1. An improved process for detecting objects by a neural network, said neural network being supplied at input with at least one original first optical flow map which represents the computerized tracking of moving objects in a scene by analyzing the differences in content between a first image, captured by an image acquisition device in a first position at an earlier time, and a successive second image, captured by said image acquisition device in a second position at a current time, characterized in that it comprises at least:
a first step of estimating the three translation parameters and the three rotation parameters of the ego-motion of the image acquisition device between said first position and said second position, the three translation parameters comprising two secondary translation parameters and one main translation parameter along a longitudinal axis which corresponds to the main movement of the image acquisition device,
a second step which consists in estimating a first rotation matrix which makes it possible to pass from the first position to a first virtual rectified position, and a second rotation matrix which makes it possible to pass from the second position to a second virtual rectified position, such that the two secondary translation parameters and the three rotation parameters which allow the passage from the first rectified position to the second rectified position are equal to zero,
a third step of normalization which consists in calculating a rectified second optical flow map which is obtained by applying the first rotation matrix and the second rotation matrix to the original first optical flow map, and which represents the computerized tracking of moving objects between the first rectified position and the second rectified position.

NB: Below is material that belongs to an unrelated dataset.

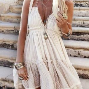 New Boho Flirty Tulle Dot Ruffle Halter Mini Dress Off White Cream Ivory

2. The improved process for detecting objects by a neural network as claimed in claim 1, further comprising a learning step which consists in supplying a neural network with a plurality of rectified optical flow maps according to the third step of normalization of the process, in order to train said neural network.
3. The improved process for detecting objects by a neural network as claimed in claim 1, further comprising a detection step which consists in supplying a neural network with a plurality of rectified optical flow maps according to the third step of normalization, in order to carry out object detection.
4. A computer configured to implement the process as claimed in claim 1.
5. A motor vehicle comprising a computer as claimed in claim 4 and at least one image acquisition device which is in unison with the motor vehicle in terms of motion, the motor vehicle moving mainly along a longitudinal axis.
6. The improved process for detecting objects by a neural network as claimed in claim 2, further comprising a detection step which consists in supplying a neural network with a plurality of rectified optical flow maps according to the third step of normalization, in order to carry out object detection.